### Try it
Transcribe each line below verbatim; pictures excluded.

### Dataset excerpt
=======

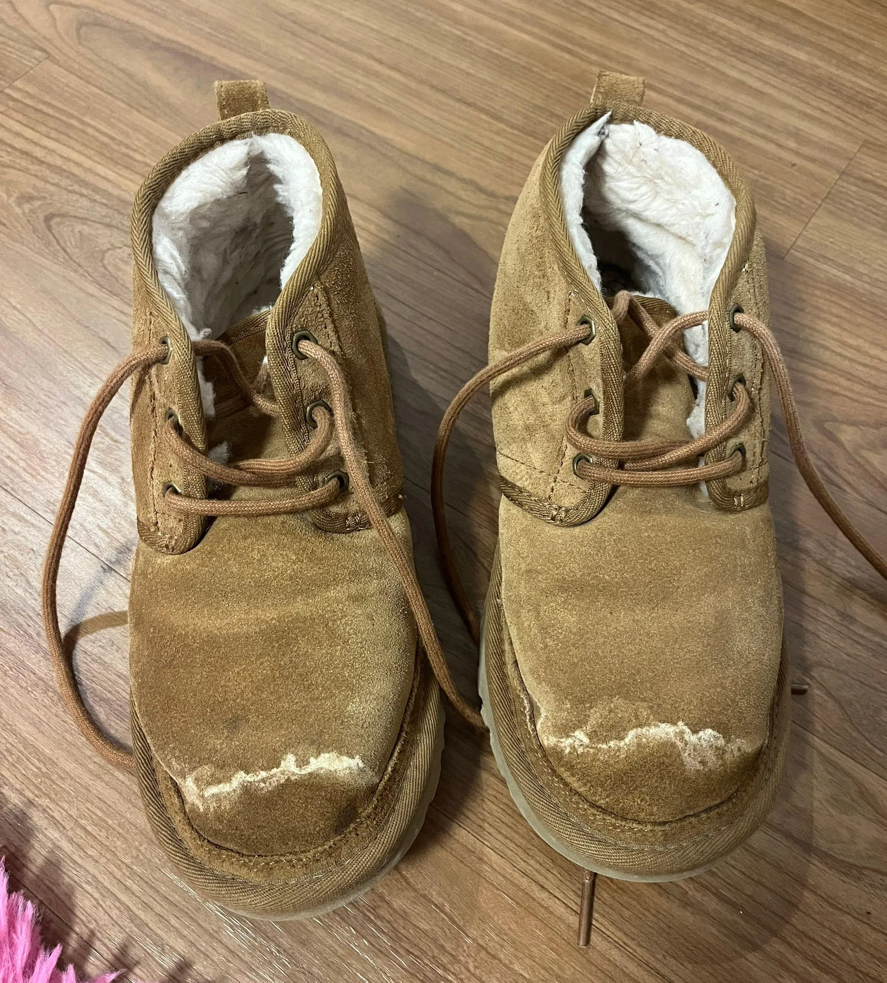 ugg minis tie up. stains on front that you might be able to get out but great condition otherwise
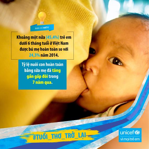 Tỷ lệ nuôi con hoàn toàn bằng sữa mẹ đã tăng gấp đôi trong vòng 7 năm qua. Khoảng một nửa (45,4%) trẻ em dưới 6 tháng tuổi bú mẹ hoàn toàn so với 24,3% trong năm 2014.
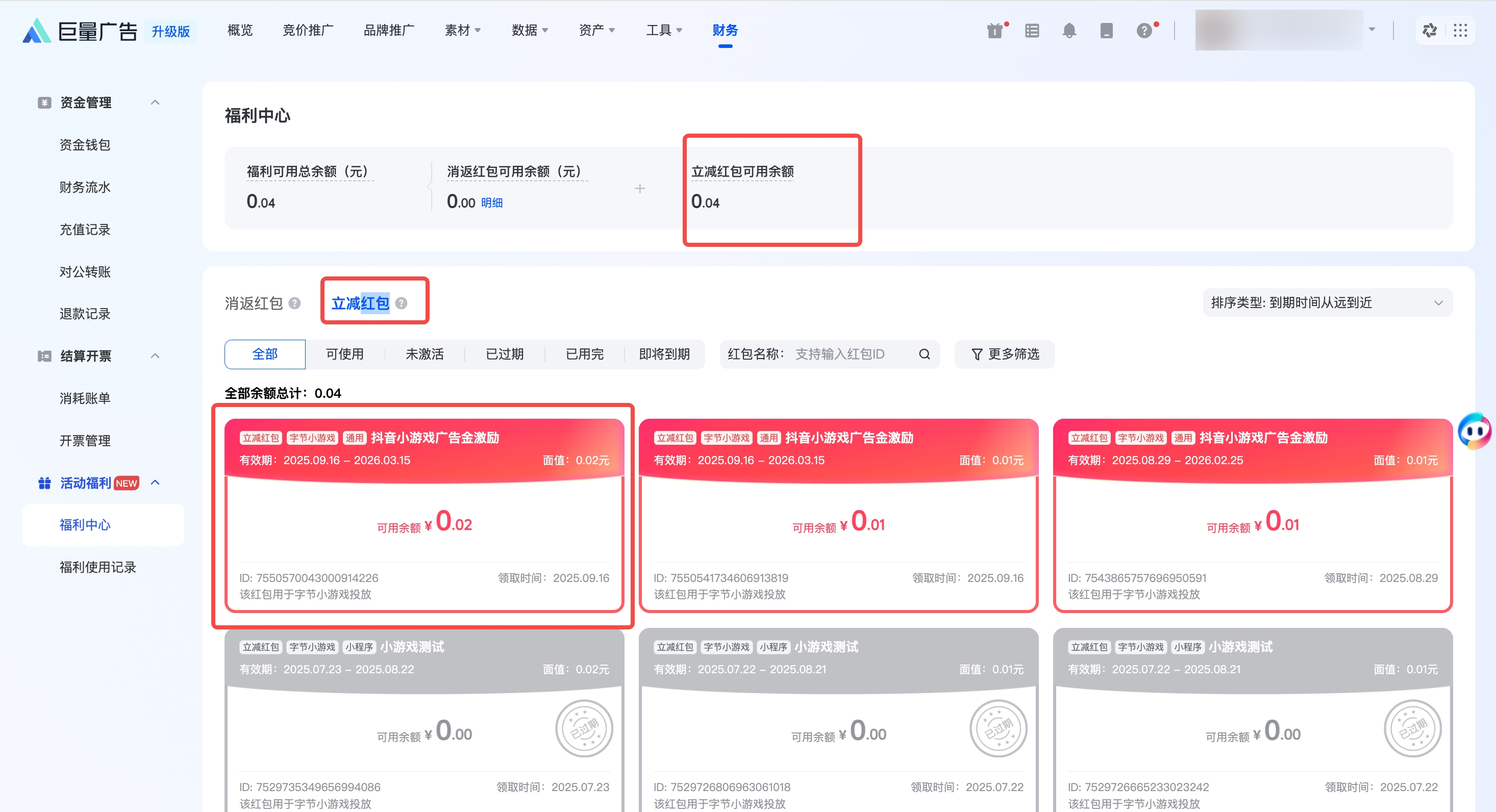 - 3.转充完成后,也可在【巨量引擎投放平台-财务】模块的“活动福利-福利中心-立减红包”查看广告金余额。

=======

### Response
 ugg minis tie up. stains on front that you might be able to get out but great condition otherwise
 Tỷ lệ nuôi con hoàn toàn bằng sữa mẹ đã tăng gấp đôi trong vòng 7 năm qua. Khoảng một nửa (45,4%) trẻ em dưới 6 tháng tuổi bú mẹ hoàn toàn so với 24,3% trong năm 2014.
 - 3.转充完成后,也可在【巨量引擎投放平台-财务】模块的“活动福利-福利中心-立减红包”查看广告金余额。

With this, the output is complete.